KASAN is a runtime checker implemented in the kernel, allowing to catch two kinds of memory manipulation mistakes: out-of-bounds accesses and use-after-free. This tooling has to be explicitly enabled at kernel build time, as it actually depends on two main parts:

  • some build time instrumentation inserted by the compiler: GCC or LLVM inserts some additional code in front of all memory-accessing instructions, thanks to the Address Sanitizer library.
  • But that’s not the only component: this additional instrumentation then needs a way to distinguish memory accesses that are legitimate from those that are invalid. To achieve this, KASAN relies on some special memory called the shadow memory, maintained by the kernel to track the whole memory it is able to use.

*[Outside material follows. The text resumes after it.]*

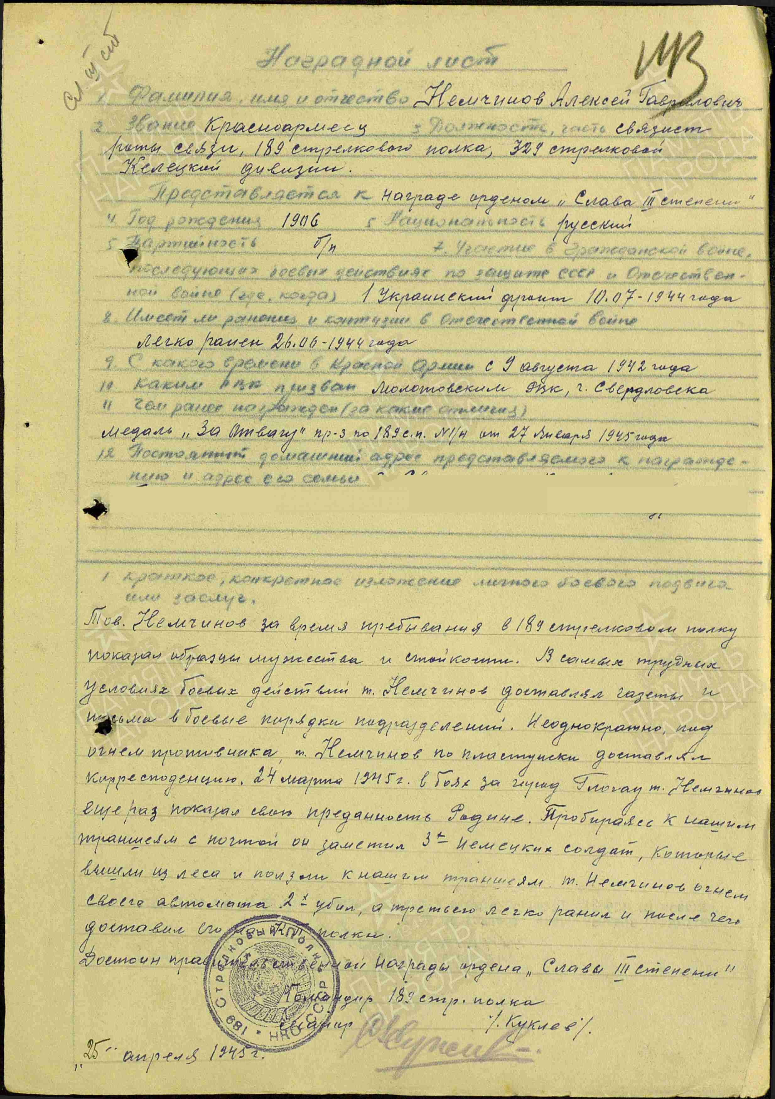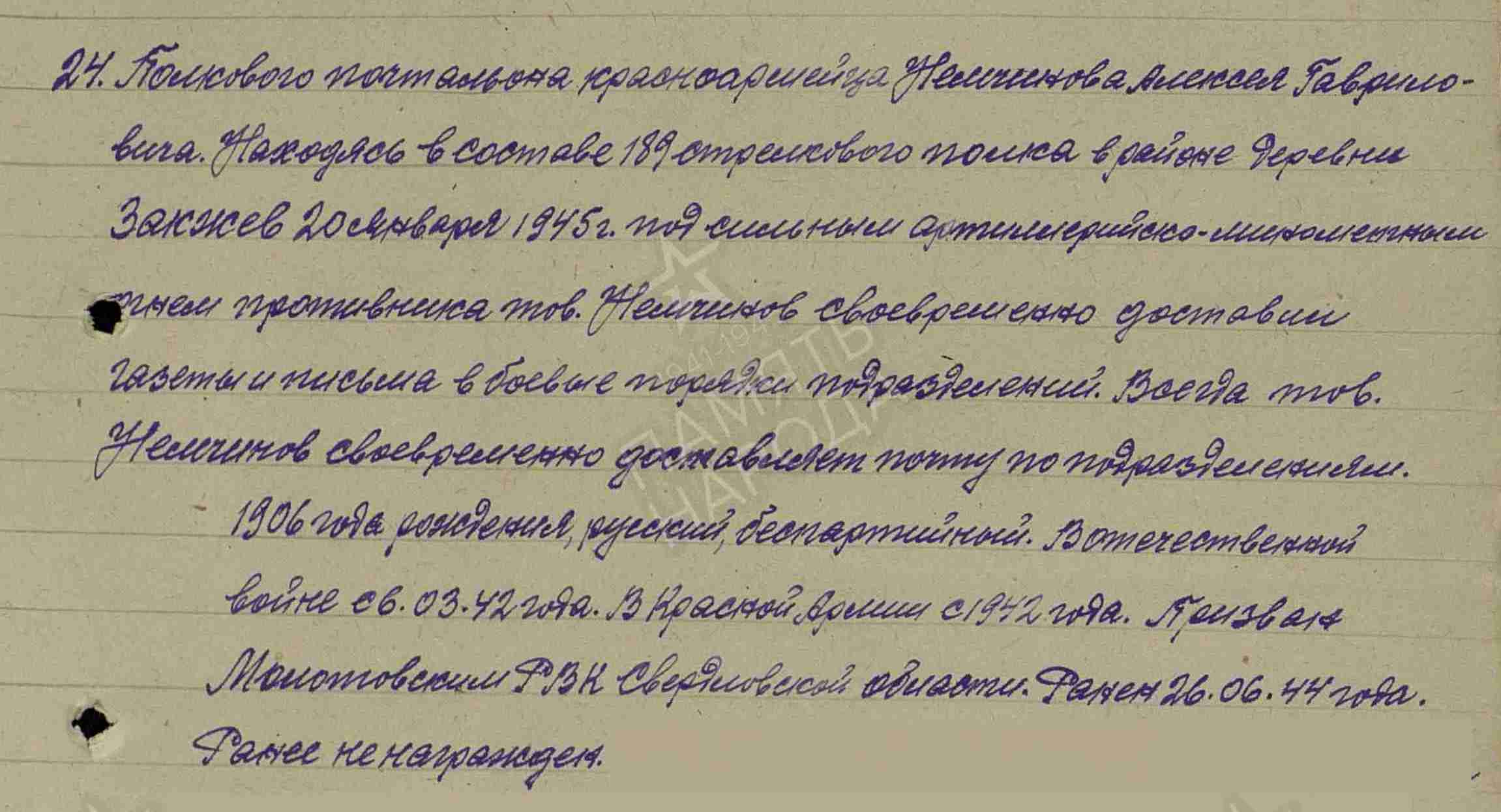 НЕМЧИНОВ Алексей Гаврилович, 1906, с. Билярск. Мобилизован Молотовским РВК г. Свердловск 9 авг. 1942. Красноармеец/ мл. сержант, 189 СП 329 СД 22 СК 3 гв. А 1 УкрФ. 26 июня 1944 был ранен. В 1945 – связист, почтальон ППС 1929. Самоотверженно доставлял под арт. мин. огнём письма и газеты в боевые порядки полка. 24 марта 1945, в боях за г. Глогау, пробираясь с своим траншеям с почтовой корреспонденцией, заметил трёх немцев, огнём автомата убил двоих, одного легко ранил, пленил и доставил на КП полка. Награждён медалью «За отвагу», орденом Славы 3 ст.

Enabling KASAN is pretty easy: we mostly need to enable CONFIG_KASAN and to rebuild our kernel. KASAN also comes with a few parameters that we can tune:

  • the inserted instrumentation can be inlined or outlined, depending on the trade-offs we can afford
  • some hardware support can be enabled (if our architecture supports it) to reduce KASAN overhead, like software tags and hardware tags
  • we can tune which kind of memory is tracked (vmalloc memory, stack memory, etc)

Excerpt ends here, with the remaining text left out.